Bob’s Journey into Application Observability: Uncovering Hidden Threats
Bob dives into Kubernetes application observability, learning how to use logs to monitor performance and uncover hidden threats. With Josie's guidance, he discovers the power of metrics and visualisation tools to keep his apps running smoothly.
Bob had come a long way in his Kubernetes journey. From securing Docker images to locking down Pod traffic with Network Policies, he had built a robust foundation for his applications. But as he watched his cluster hum along, a question lingered in his mind.
"How will I know if something goes wrong?"
Josie, ever ready to guide, appeared with a thoughtful smile. "Good question, Bob. Securing workloads is only half the battle. Observability is how you keep watch over your cluster and applications".
"Observability?" Bob asked.
"It's more than just logs" Josie explained, "It's how you gain a clear understanding of what’s happening inside your system... logs, metrics, traces. Together, they're the eyes and ears of your cluster."
📂 Code Repository: Explore the complete code and configurations for this article on GitHub.
What Is Observability?
Josie described observability as the ability to measure the internal state of a system by examining its outputs.
"Think of it as the health dashboard for your application," she explained. "When done right, it helps you detect issues, optimise performance, and even uncover security threats", grabbing her notepad Josie draws out the 3 pillars
Observability rests on three pillars:
- Logs: Capturing granular details about application behaviour
- Metrics: Aggregating key statistics over time, such as request latency and CPU usage
- Traces: Visualising the flow of requests across distributed systems
"Each pillar serves a purpose" Josie said. "Together, they give you a full picture of your application’s health."
Why Observability Matters
Josie highlighted why observability is critical for any Kubernetes deployment:
- Proactive Problem Detection: Spot anomalies like high memory usage or slow response times before they escalate
- Security Insights: Identify potential breaches or unauthorised access patterns
- Optimisation: Fine-tune resource usage and improve application performance
"With observability, you're not just reacting to problems; you're preventing them".

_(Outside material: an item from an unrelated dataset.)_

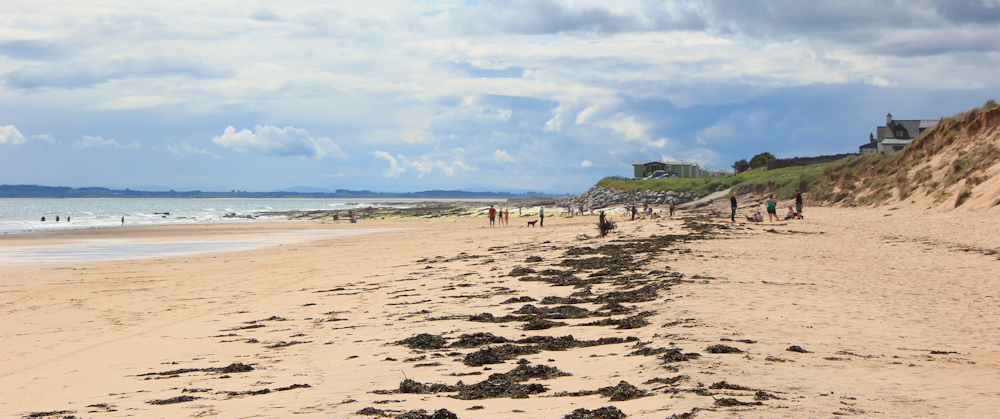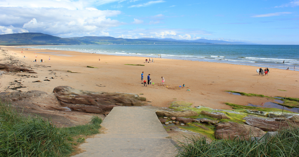 At the end of a beach, a slipway leads up to Embo. I stop at the top, turn round, and take a couple of photographs looking back at the beach.
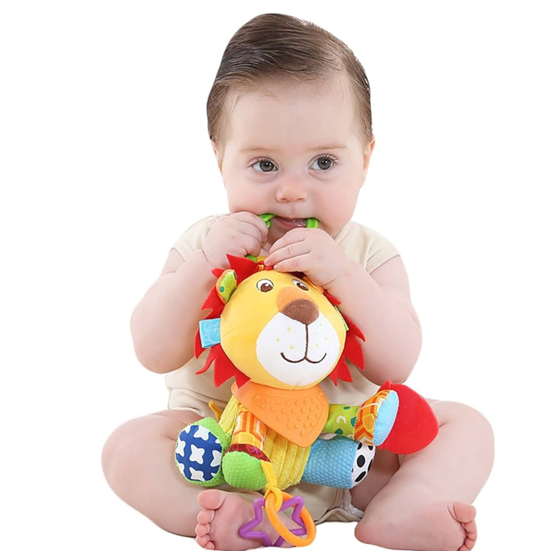 - Encourages sight, touch and hearing when they interact with the toy.

Logs: The First Line of Defence
"Logs are the most familiar to developers," Josie said, pulling up an example on her laptop. "They record detailed information about events in your application, like errors, warnings, and informational messages."
"Logs are automatically centralised by Alex’s platforms team," Josie explained. "For you, it's as simple as checking the logs with kubectl logs -f
during development or viewing them in Grafana for a consolidated view of application behaviour. No setup needed!"
Metrics: Watching the Bigger Picture
Josie moved on to metrics, which provide aggregated views of application and cluster performance.
"Grafana is your window into application performance, Bob. You can create panels to monitor metrics like CPU, memory, network, disk usage, latency, and even Apdex scores to measure user satisfaction. These metrics give you a clear, actionable view of your app's health."
Josie opens up Grafana and pulls up an example dashboard:
"Something like this would help you observe how well your app is performing" she says. "It includes, the basic CPU/Memory usage as well as the network traffic/latency and an Apdex rating so you can see how well your app is responding to users ... not very well based on this example 😅"
Traces: End-to-End Visibility
Josie saved the most exciting pillar for last: traces.
"Tracing lets you follow a request through your system," she explained. "It's invaluable for identifying bottlenecks in microservices."
Setting Up Tracing
Bob used OpenTelemetry to instrument his app for distributed tracing:
const tracer = require('@opentelemetry/api').trace.getTracer('example-app');
const span = tracer.startSpan('http_request');
span.end();
"With traces, you can see exactly where your system is slowing down," Josie added.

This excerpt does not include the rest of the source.